Hasso-Plattner-Institut
Prof. Dr. Felix Naumann
 

15.04.2015

Second paper accepted at VLDB 2015

Experiments and Analysis Paper

Functional Dependency Discovery: An Experimental Evaluation of Seven Algorithms

Thorsten Papenbrock, Jens Ehrlich, Jannik Marten, Tommy Neubert, Jan-Peer Rudolph, Martin Schönberg, Jakob Zwiener, Felix Naumann

Abstract.Functional dependencies are important and interesting meta-data, for instance used for schema normalization or data cleansing. The efficient discovery of functional dependencies in tables is a well-known challenge in database research and has seen several approaches. In this experimental paper we describe, evaluate, and compare the seven most cited and most important algorithms, all solving this same problem.
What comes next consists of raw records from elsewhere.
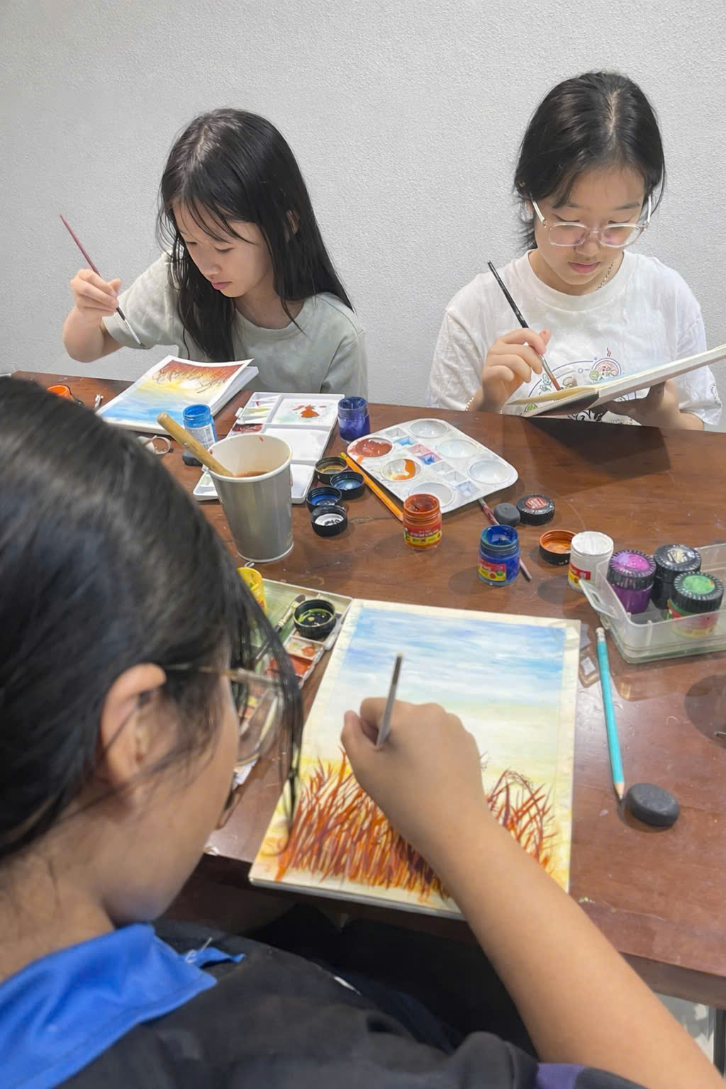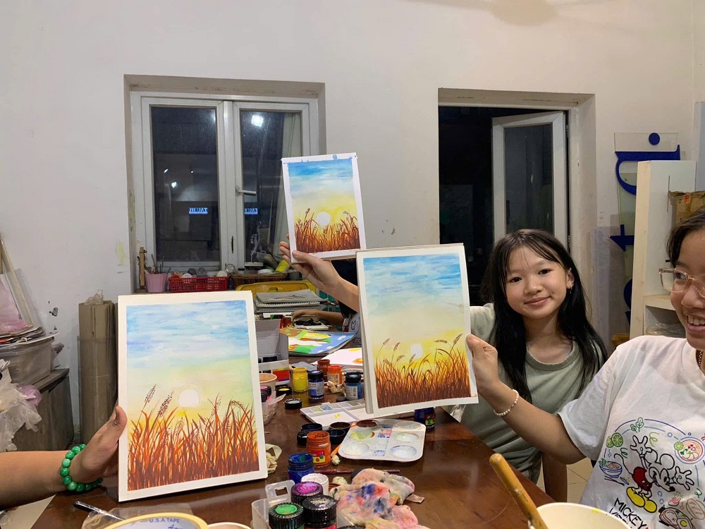 Buổi học màu nước hôm nay thật đặc biệt.Mỗi bức tranh là một góc cảm nhận rất riêng của các họa sĩ nhí Tinkle về buổi chiều hoàng hôn lãng mạn, nơi những hàng cỏ lau nhẹ nhàng đung đưa trong gió.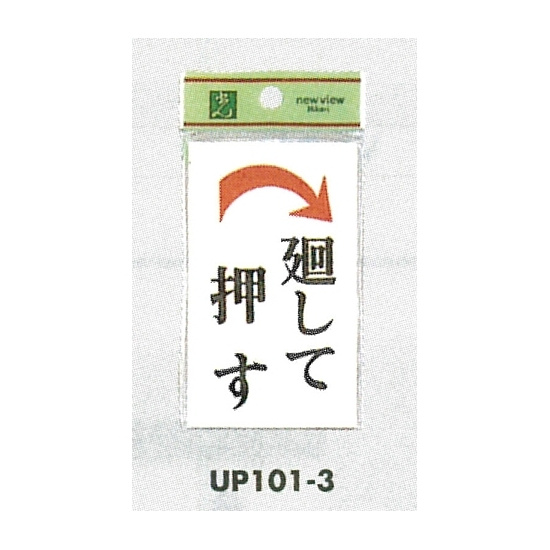 商品説明:表示プレートH ドアサイン 角型 アクリルホワイト 表示:廻して押す 右矢印 (UP101-3)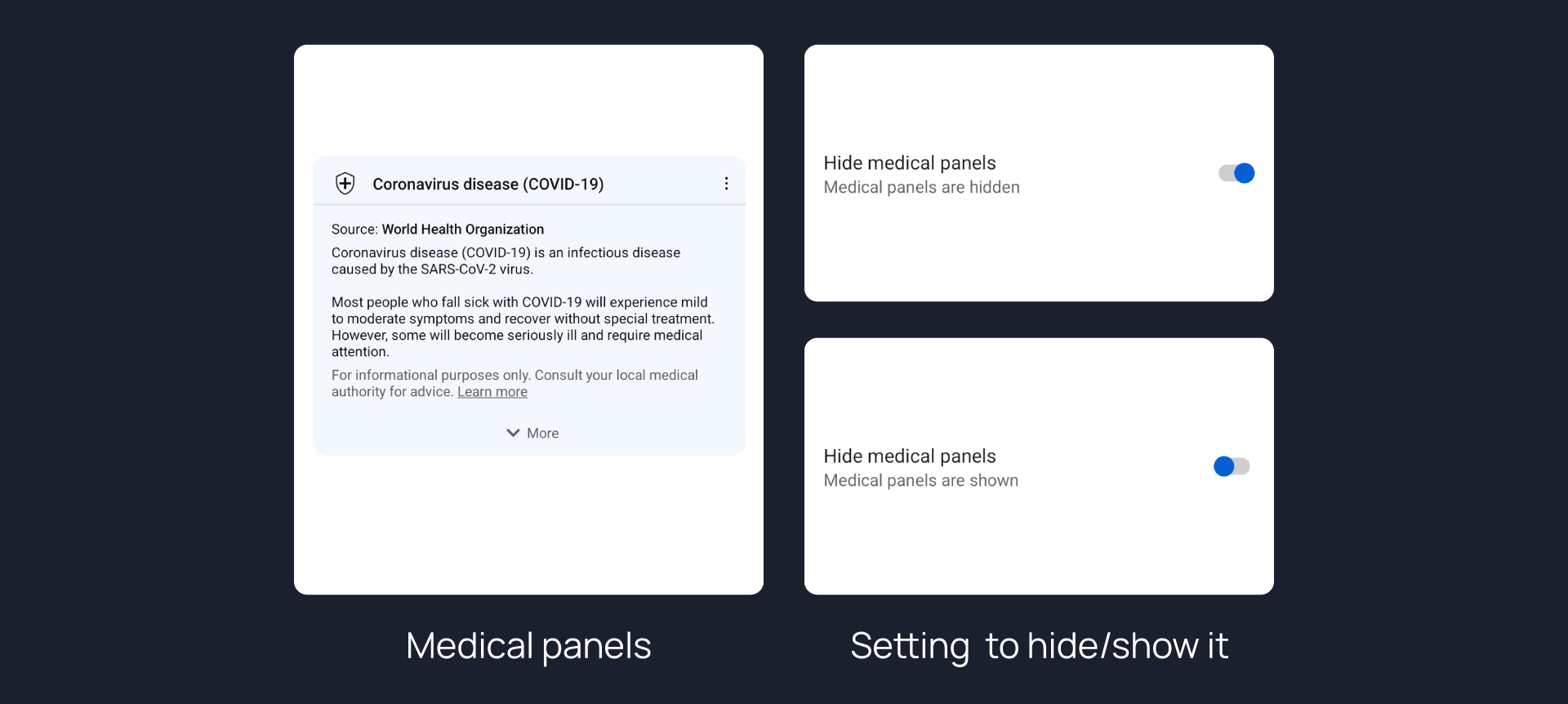 Hides medical panels from feed, search, videos.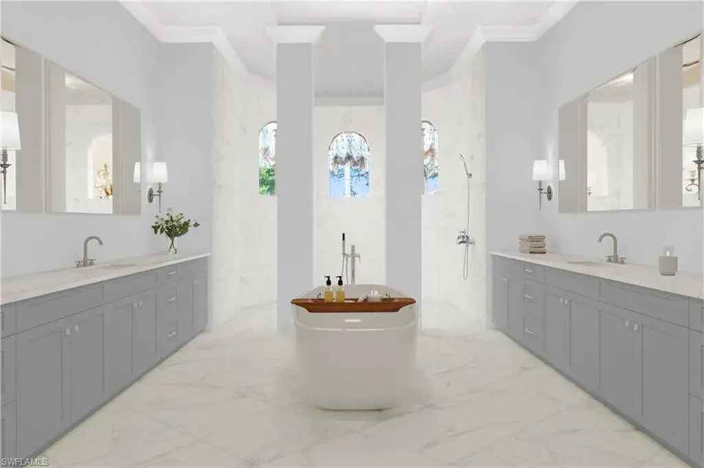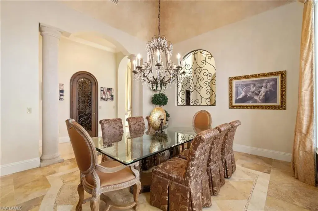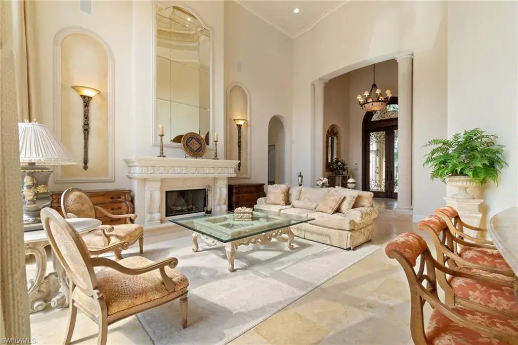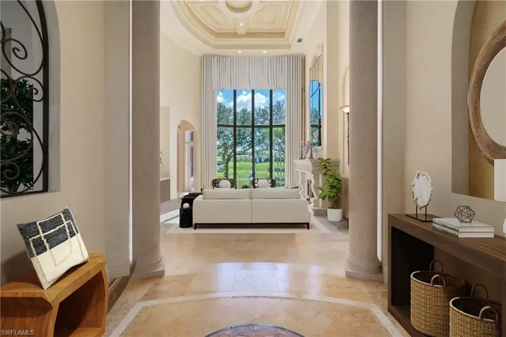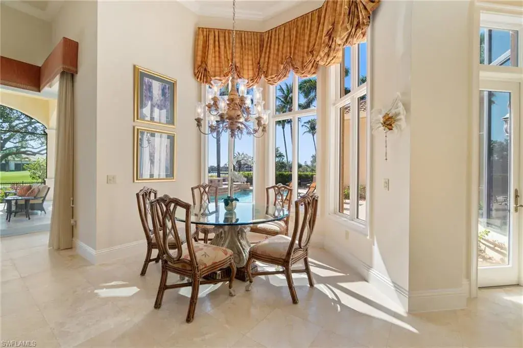 OPTIONAL TRANSFERRABLE GOLF MEMBERSHIP AVAILABLE FOR IMMEDIATE GOLF. Welcome to this stunning home located in the prestigious community of Quail West in Naples, Florida. Quail West is one of the premier golf course communities in Southwest Florida, with 2 golf courses, 8 tennis courts and 4 pickle ball courts, plus much more. As you step onto the property, you are greeted by lush landscaping that enhances the home’s curb appeal. This luxurious 4BR+Den home offers FANTASTIC REAR VIEWS OF THE GOLF COURSE AND LAKE and is the epitome easy living in Florida. Located on the 10th hole of the Lakes course, this southern exposure setting makes for breath taking sunset views over the 42′ pool with spa. Upon entering the home through the 12′ high wood doors you are greeted with an elegant and spacious interior, with high ceilings and large windows that flood the home with natural light, creating a bright and welcoming ambiance, not to mention the amazing views. Everything is top-of-the-line with custom cabinetry and finishings. The master suite is a true sanctuary with a morning coffee bar, luxurious en-suite bathroom with 2 separate commode areas, bidet, double shower, jetted tub and generous closet space. Additional en-suite bedrooms are spacious and thoughtfully designed, accommodating family and guests comfortably. The gourmet kitchen is a chef’s dream, complete with modern appliances, 2 dishwashers, 2 sinks, warming draw, built-in miele coffee maker, ppt-filler, butlers pantry, ample counter space and a breakfast bar which is perfect for entertaining guests and culinary enthusiasts. The wine room is centrally located off the dining room, kitchen and living room with wet bar. Library is tastefully done with Brazilian cherry flooring, wood built-ins and custom ceiling. The living area opens to an expansive patio that is ideal for alfresco dining, lounging, or simply soaking in the beautiful Florida sunsets. Outdoor kitchen/lanai has built-in gas grill, bar refrigerator and sink with screened in area. 3-car attached over-sized garage plus a detached golf cart garage connected by a porte-cochere in the court yard. Underground propane tank for cooking and heating the pool/spa. 5900 Burnham Rd is a rare find that promises to elevate your living experience on one of the most desirable streets within Quail West with both golf and water views and located in Collier county. Close to the club house, golf and all the amenities that Quail West has to offer. This home offers easy access to Naples’ renowned beaches, shopping, dining, and cultural attractions. Whether you’re seeking an active lifestyle or a peaceful retreat, Quail West has it all. This is a home is being sold furnished with designer furniture, so don’t miss this opportunity to own a slice of paradise in Naples! Discover the endless possibilities that await you at this remarkable property.

First, we classify the algorithms into three different categories, explaining their commonalities. The then following descriptions of the algorithms each point out their main ideas and describe additional details where the original papers were ambiguous or incomplete. Our evaluation of careful re-implementations of all algorithms spans a broad test space including synthetic and real-world data. We show that all functional dependency algorithms optimize for certain data characteristics. We conclude that the current ap- proaches scale surprisingly poorly, showing potential for future research.